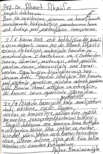 Sağlık personeli bir ameliyat için Türkiye ve İstanbul'daki tüm diğer cerrahlara ulaşabilirken bildiği ve emin olduğu için beni seçmesi ve hayatındaki en değerli varlık olan annesinin kalp ameliyatını bana emanet etmesi benim ve ekibim için onur vericidir.
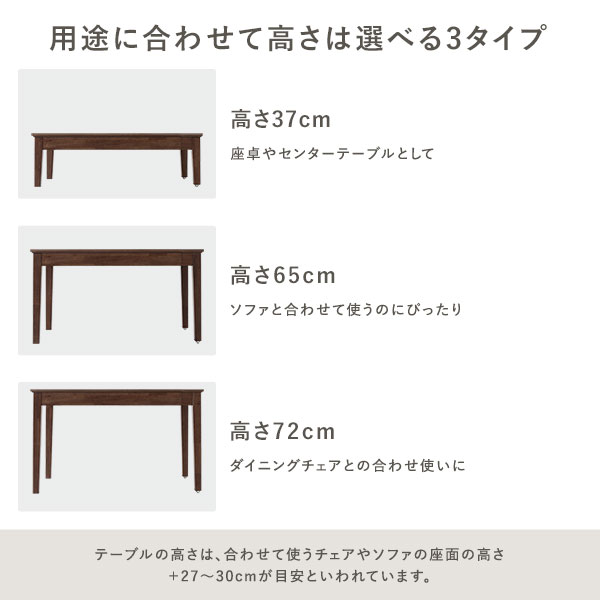 テーブルの高さは、合わせて使うチェアやソファの座面の高さ+27~30cmが目安といわれています。
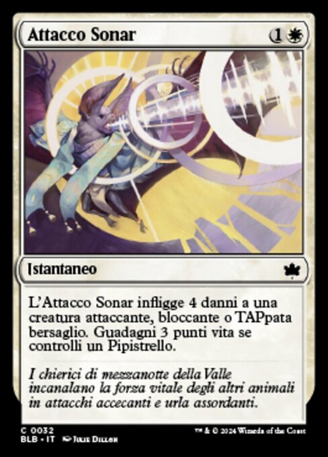 | Rules | Sonar Strike deals 4 damage to target attacking, blocking, or tapped creature. You gain 3 life if you control a Bat. |
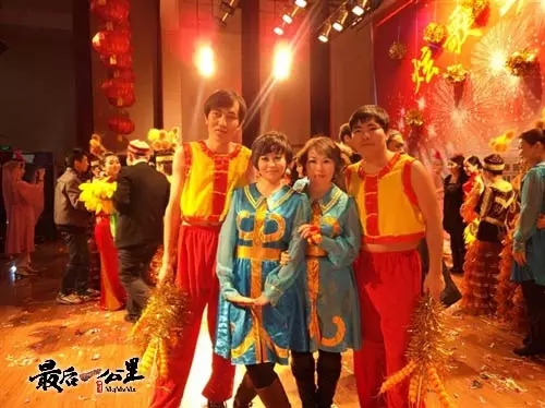 烏仁圖雅(左二)和同學(xué)們?cè)谶|寧科技學(xué)院參與元旦晚會(huì)
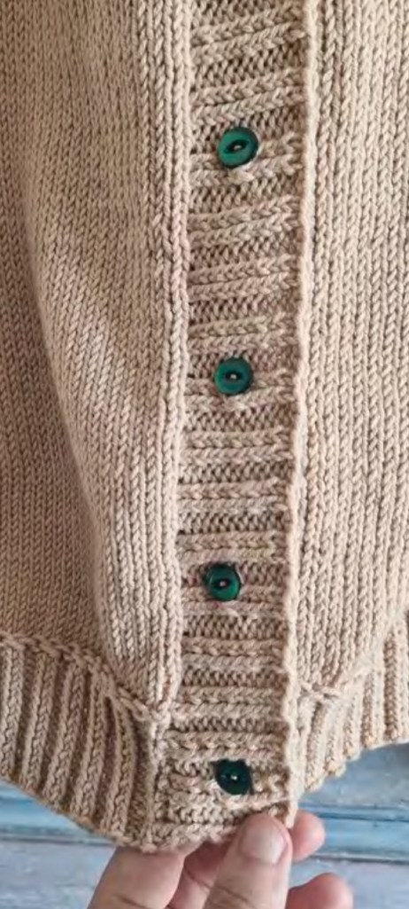Si lav come il bordo dei bottoni ma con le asole. Iniziare e lav come per il bordo sinistro per 1,5 cm;

____

Write out the records above exactly as they stand, leaving out every picture.

 Sağlık personeli bir ameliyat için Türkiye ve İstanbul'daki tüm diğer cerrahlara ulaşabilirken bildiği ve emin olduğu için beni seçmesi ve hayatındaki en değerli varlık olan annesinin kalp ameliyatını bana emanet etmesi benim ve ekibim için onur vericidir.
 テーブルの高さは、合わせて使うチェアやソファの座面の高さ+27~30cmが目安といわれています。
 | Rules | Sonar Strike deals 4 damage to target attacking, blocking, or tapped creature. You gain 3 life if you control a Bat. |
 烏仁圖雅(左二)和同學(xué)們?cè)谶|寧科技學(xué)院參與元旦晚會(huì)
Si lav come il bordo dei bottoni ma con le asole. Iniziare e lav come per il bordo sinistro per 1,5 cm;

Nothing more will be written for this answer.